The period of time after having a baby is often incredibly difficult on the person who had the baby. Not only is there a whole baby to take care of every minute of the day, but you are also recovering from a pretty major medical event that can have long-term effects on your physical and mental health.
New parents should have the support of the people around them, but a Redditor posting under the name u/throwaway1368989 is getting undermined by her husband instead and he’s even tricked her into feeling bad about being angry.
“AITA for making my (32F) children (4 and 6 M) cry after they called me Ms. Piggy?” she asked.
The OP says she gave birth in October and says it’s been hard to lose the “baby weight” because she’s experiencing postpartum depression:
I get next to no sleep attending to my children and most mornings, I can barely get out of bed, much less drive to the gym. It’s been a dark few months for me. I’ve told these things to my partner “Dave” (43 M) and though he said he understood, I don’t think he really does.

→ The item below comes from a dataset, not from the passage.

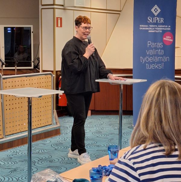 Tänä vuonna mukana on ennätysmäärä luottamusmiehiä, iloitsi tilaisuuden avannut SuPerin neuvottelupäällikkö Pia Zaerens. Puheenjohtaja Päivi Inberg kannusti erityisesti uusia luottamusmiehiä verkostoitumaan. Yhteisestä tapaamisesta löytyy varmasti heitä, jotka painivat samanlaisten ongelmien kanssa.

Though never explicitly stating it, he makes jokes and comments that imply I’m lazy and that he’s no longer attracted to me.

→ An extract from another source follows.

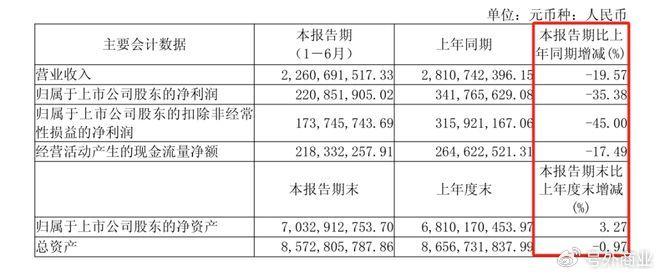 上半年,华熙生物营收仅22.61亿元,较去年同期的28.11亿元大幅缩水近6亿元;归母净利润2.21亿元,较去年同期的3.42亿元少赚1.21亿元,降幅超三成。

She says about a week ago, she opened up to him about not being able to lose weight and he responded by saying he would “push her” because he “loves” her.
She says he’s taken a Biggest Loser approach, by which she means her husband is verbally abusing her. He started calling her “Ms. Piggy” and told all her friends, family, and their kids to join in:
I hate this nickname, but he says it’s supposed to motivate me to lose weight. I think he really believes it’s going to help me, but I feel really undermined while parenting because of this nickname.
The other night, my family was eating and my children started oinking at me, and out of frustration, I started yelling at my husband. We have a rule not to yell in front of the kids, but we’re almost always in front of the kids during quarantine and I feel so dismissed.
The kids started crying and Dave says I’m to blame. Reddit, AITA?
The issue here is definitely not the OP losing her temper in front of the kids one time. It’s her husband thinking this is an appropriate or helpful way to support a woman who recently gave birth who is struggling with depression. Dragging his own kids into it is a horrendous thing to do.
But it doesn’t seem like the OP really gets that, because she feels so guilty. Commenter after commenter tried to tell her that this wasn’t her fault, and her husband isn’t helping—he’s abusing.
Maybe these comments will be the intervention this mom needs to lose the dead weight—the man she’s married to.